When developing software which uses WordprocessingML, you often need to look at the XML.

Wouter’s Package Explorer is a great way to do this, particularly if you want to look at an existing file.

Wouldn’t it be great (well, at least a little bit useful), if you could look at the WordML for a document from within Word? Then you could quickly see the WordML produced when you do something in Word (format some text, create a table, add a comment etc).

ActiveDocument.WordOpenXML provides the OpenXML corresponding to the document. plutext-client-word2007 uses this extensively in C#.

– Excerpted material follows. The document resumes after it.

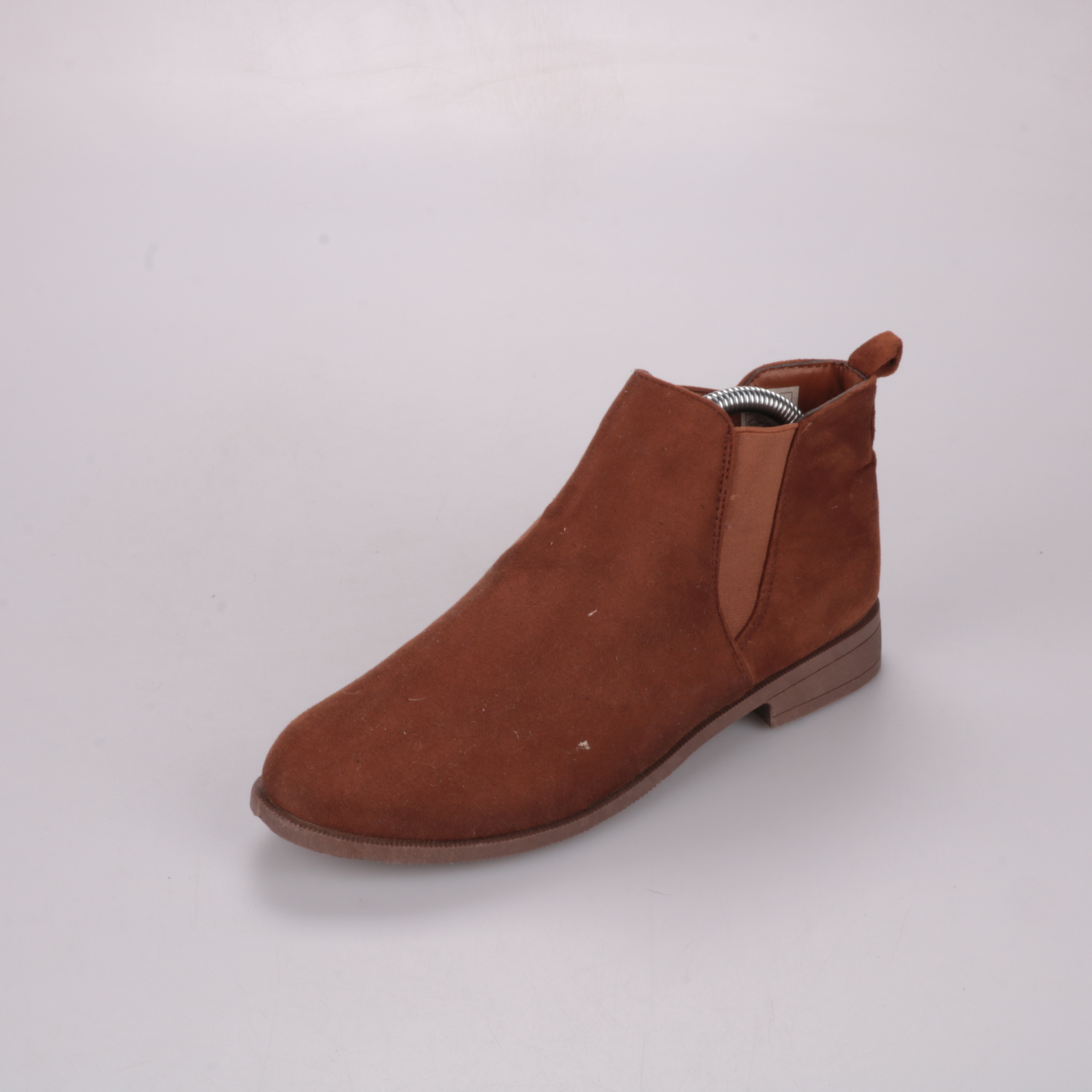 Женские ботинки челси в коричневом цвете, выполнены под замшу, с эластичными вставками по бокам и петлёй на заднике. Подойдут для повседневных образов в демисезон с джинсами или брюками. Удобно быстро надевать и снимать за счёт резинок и устойчивого ни...

Anyway, we can also use it in VB from within Word to open that in an Internet Explorer window, syntax highlighted and with collapsible sections (similar to IE’s default stylesheet for XML documents).

The result:

word2007-viewpagesource.png

The very straightforward code to do this can be cut/pasted from here -use the “download in other formats” links at the bottom of the page. In Word, from the Developer menu > Visual Basic is used to access Word 2007’s Visual Basic IDE. You can then just paste the code into a new module. Create or open a document, then run the VB. That’s all there is to it.

I specifically chose to do it using VB and not VSTO, so you don’t need Visual Studio installed to get this running.

Also I cobbled this code together quickly, and I know it can be improved. If you’d like me to incorporate your improvements, please feel free to send them in!

Dec 12 2007

Running a community - lessons from jaxb.dev.java.net

As described in my last post, we’re experimenting with using JAXB to unmarshall/marshall docx documents.

The specification is thorough, and the reference implementation (v2.1.5) seems to work well.

Unfortunately, the same can’t be said of jaxb.dev.java.net.

Given that one of my hats is to develop a community around the plutext projects, I’m trying to be aware of what helps or hinders this process.

So in the spirit of constructive criticism (I’d really like to see momentum grow around JAXB-RI), here are some observations:

  1. there are at least two places to go to for discussion (the mailing lists, and the   Metro and JAXB forum).  Where should you post? Which is going to get the better response? Why two options? In this case, the forum seems more active.
  2. its much harder than it needs to be to get the source code. There is no anonymous CVS (or SVN) access.  You need to be registered, and to have applied for the Observer role.  Then the instructions omit the cvs login step.  Eventually it worked, but in the meantime, it took a bit of digging to find a link to the zipped up sources.  There are outdated blog entries to disregard along the way.
  3. once you do have the source code, and given that JDK 1.6 introduced JAXB 2.0 in rt.jar, there should be prominent instructions for using 2.1 in Eclipse (ie use JDK 1.5)
  4. I couldn’t find JAXB 2.1.5 in Maven repositories. Again, outdated blog entries.
  5. the website is pretty slow

Now, none of these problems will stop the determined user. But I’m sure their cumulative effect is to make many others give up.

For those like me who try to get a quick sense of how active a project is by looking at the volume of traffic on the mailing list or forum before making any further commitment, problem #1 above amounts to bad marketing if nothing else.

This is a pity, because as I said, JAXB 2.1.5 is good stuff.